◆ ACTIVITY
Output the lines of the entries below beginning at the one with "Frosty Funnel Clitocybe" and ending with the last, exactly as written and without pictures.

(RECORDS SHOWN Opens)

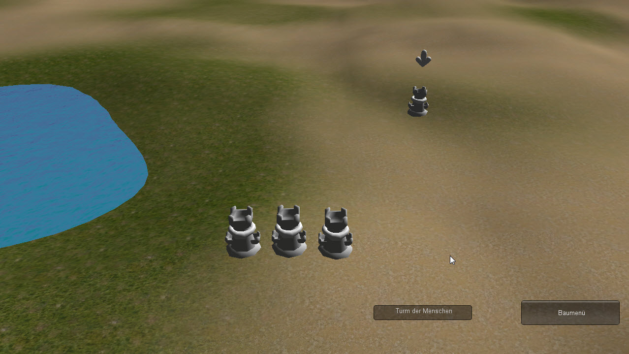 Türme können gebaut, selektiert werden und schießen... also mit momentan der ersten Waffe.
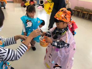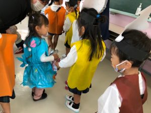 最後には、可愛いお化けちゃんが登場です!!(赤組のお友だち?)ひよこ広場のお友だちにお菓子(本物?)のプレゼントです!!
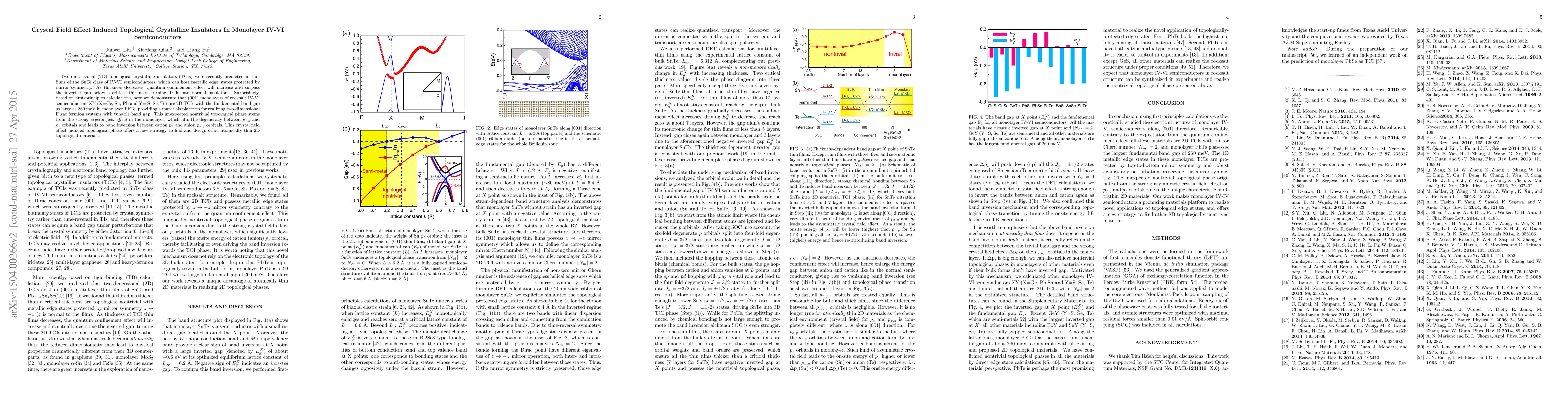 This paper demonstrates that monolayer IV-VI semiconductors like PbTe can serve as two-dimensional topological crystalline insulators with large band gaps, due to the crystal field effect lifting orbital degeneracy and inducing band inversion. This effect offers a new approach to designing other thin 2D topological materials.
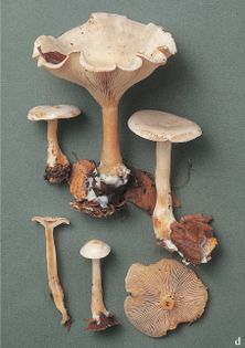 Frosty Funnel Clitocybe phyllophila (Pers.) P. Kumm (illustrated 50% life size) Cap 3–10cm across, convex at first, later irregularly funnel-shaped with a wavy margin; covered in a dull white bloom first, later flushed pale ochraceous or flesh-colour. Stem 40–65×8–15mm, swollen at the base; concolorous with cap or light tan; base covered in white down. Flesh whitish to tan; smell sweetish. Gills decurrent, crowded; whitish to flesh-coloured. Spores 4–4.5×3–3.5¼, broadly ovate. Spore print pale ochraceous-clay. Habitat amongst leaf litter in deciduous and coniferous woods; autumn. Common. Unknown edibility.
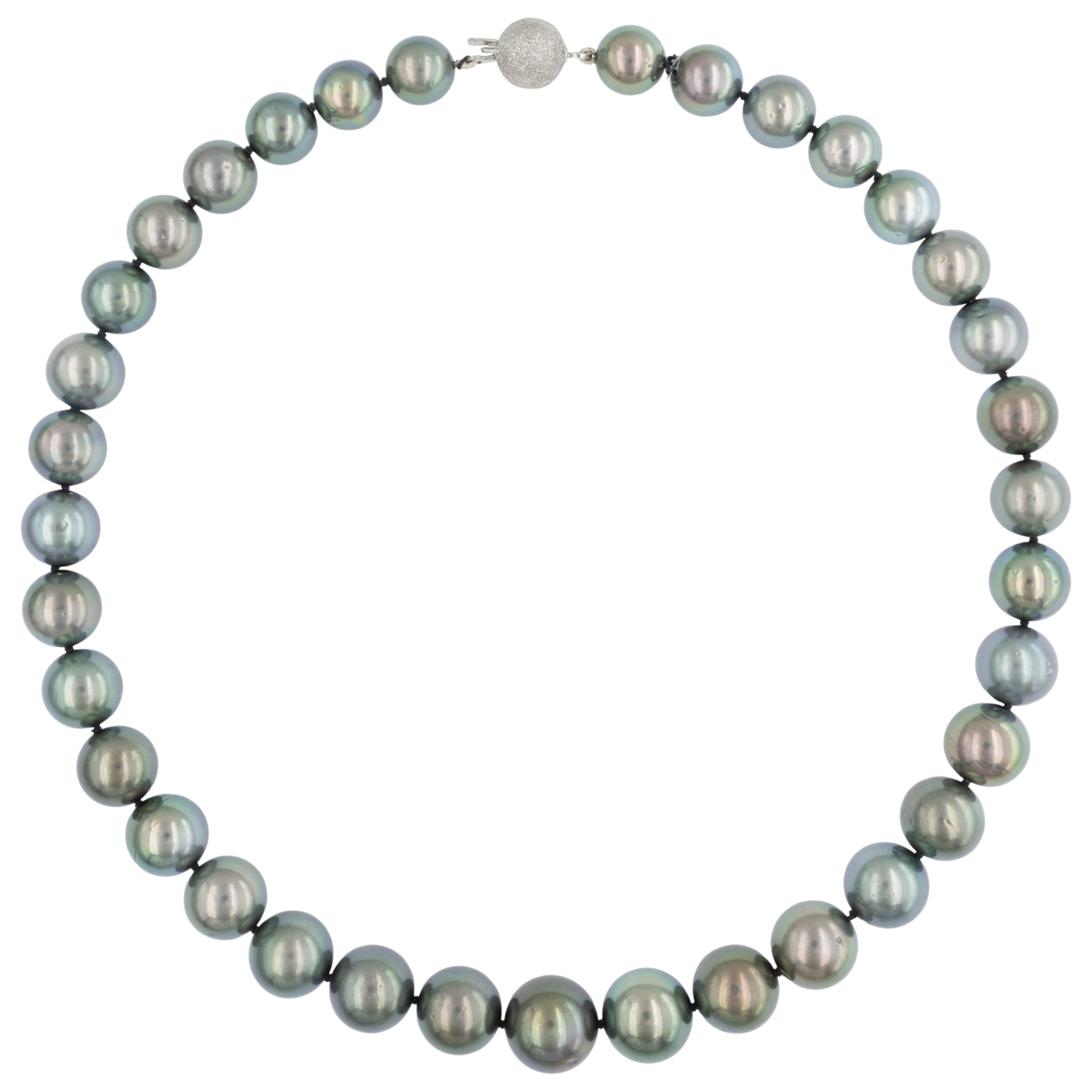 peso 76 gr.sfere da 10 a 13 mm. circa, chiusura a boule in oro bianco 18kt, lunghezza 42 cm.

(RECORDS SHOWN Closes)

◆ THE COMPLETED TASK
 Frosty Funnel Clitocybe phyllophila (Pers.) P. Kumm (illustrated 50% life size) Cap 3–10cm across, convex at first, later irregularly funnel-shaped with a wavy margin; covered in a dull white bloom first, later flushed pale ochraceous or flesh-colour. Stem 40–65×8–15mm, swollen at the base; concolorous with cap or light tan; base covered in white down. Flesh whitish to tan; smell sweetish. Gills decurrent, crowded; whitish to flesh-coloured. Spores 4–4.5×3–3.5¼, broadly ovate. Spore print pale ochraceous-clay. Habitat amongst leaf litter in deciduous and coniferous woods; autumn. Common. Unknown edibility.
 peso 76 gr.sfere da 10 a 13 mm. circa, chiusura a boule in oro bianco 18kt, lunghezza 42 cm.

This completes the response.